### INFORMATION SUPPLIED
+ + + + + + +
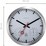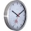 This wall clock has a brushed aluminium case that frames the white dial. The black markings and bold black and red hands make the time, temperature and humidity easy to read.
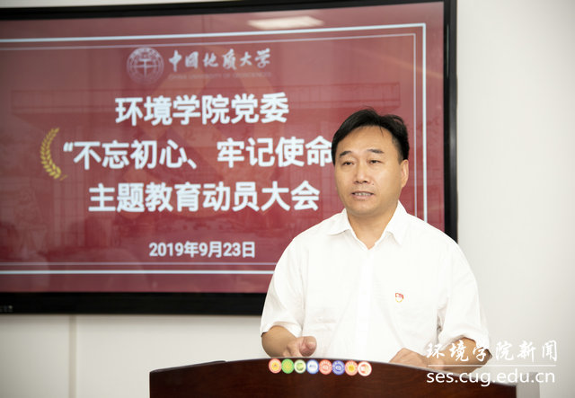 他要求,结合实际、立足本职、学在深处、做在实处、走在前列,做到爱党爱国爱家爱校爱学爱习,实现价值取向与党与祖国人民同心、学术方向与政治方向同向、学术卓越与思想卓越同行、学识魅力与人格魅力同在。一是主题教育重在高质量。院党委与各党支部、院领导与全体师生党员要步调一致,全身心全过程全方位投入主题教育,每个刮刮卡 领导都不缺、每个师生党支部都不少、每一名师生党员都不落,调动每一位党员积极性主动性创造性,切实保证主题教育高质量开展。二是主题教育重在知行合一。把主题教育中激发出来的工作学习热情和新时代奋斗精神,转化为“为党育人、为国育才,培养新时代生态环保铁军”的实际行动,转化为实现中国梦、地大梦、环境梦的强大精神动力和思想保证,不断推动刮刮卡 高质量发展和内涵式发展。
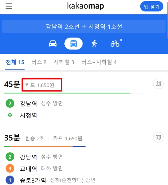 목적지를 적고 나면 여러 가지 이동 수단 중에서 하나를 골라야 하는데 저는 버스와 기차가 함께 그려진 대중교통 모양의 아이콘을 선택했답니다. 이렇게 하면 지금 내가 서 있는 곳에서부터 목표 지점까지 갈 수 있는 모든 전철 노선과 연계 정보를 한꺼번에 불러와서 보여주더라고요.
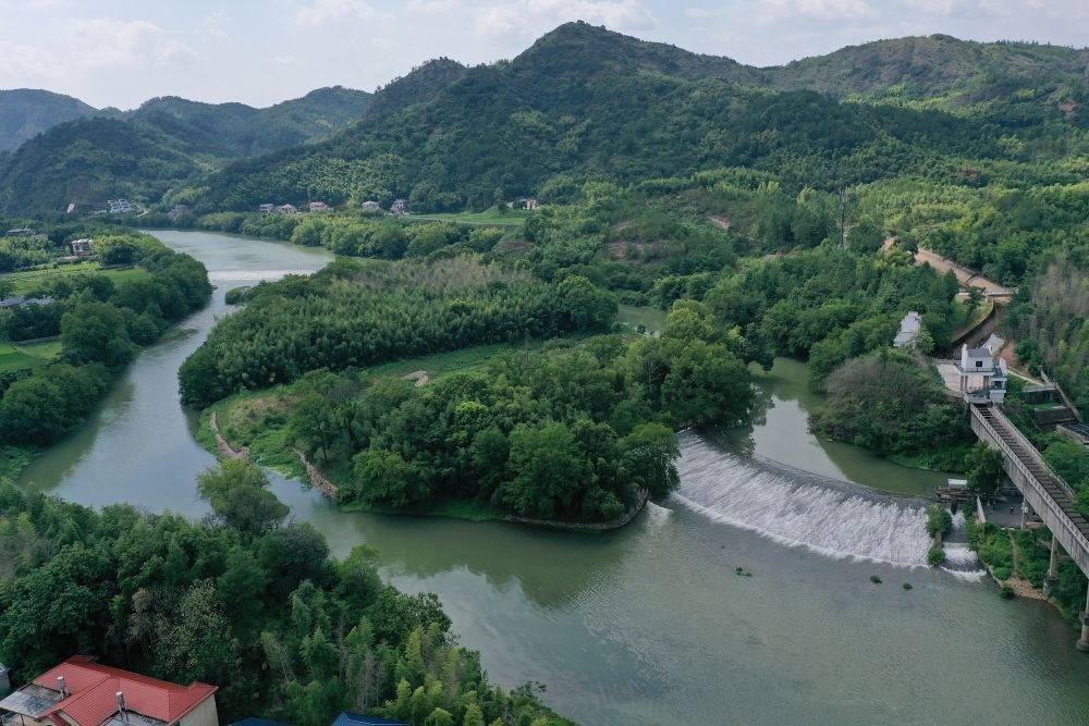 位于浙江省衢州市龍游縣的世界灌溉工程遺產(chǎn)姜席堰(2023年8月2日攝,無(wú)人機(jī)照片)。新華社記者 黃宗治 攝
+ + + + + + +
### DIRECTIONS
Make an exact reproduction of the listing above, without any pictures.

### SOLUTION TO THE EXERCISE
 This wall clock has a brushed aluminium case that frames the white dial. The black markings and bold black and red hands make the time, temperature and humidity easy to read.
 他要求,结合实际、立足本职、学在深处、做在实处、走在前列,做到爱党爱国爱家爱校爱学爱习,实现价值取向与党与祖国人民同心、学术方向与政治方向同向、学术卓越与思想卓越同行、学识魅力与人格魅力同在。一是主题教育重在高质量。院党委与各党支部、院领导与全体师生党员要步调一致,全身心全过程全方位投入主题教育,每个刮刮卡 领导都不缺、每个师生党支部都不少、每一名师生党员都不落,调动每一位党员积极性主动性创造性,切实保证主题教育高质量开展。二是主题教育重在知行合一。把主题教育中激发出来的工作学习热情和新时代奋斗精神,转化为“为党育人、为国育才,培养新时代生态环保铁军”的实际行动,转化为实现中国梦、地大梦、环境梦的强大精神动力和思想保证,不断推动刮刮卡 高质量发展和内涵式发展。
 목적지를 적고 나면 여러 가지 이동 수단 중에서 하나를 골라야 하는데 저는 버스와 기차가 함께 그려진 대중교통 모양의 아이콘을 선택했답니다. 이렇게 하면 지금 내가 서 있는 곳에서부터 목표 지점까지 갈 수 있는 모든 전철 노선과 연계 정보를 한꺼번에 불러와서 보여주더라고요.
 位于浙江省衢州市龍游縣的世界灌溉工程遺產(chǎn)姜席堰(2023年8月2日攝,無(wú)人機(jī)照片)。新華社記者 黃宗治 攝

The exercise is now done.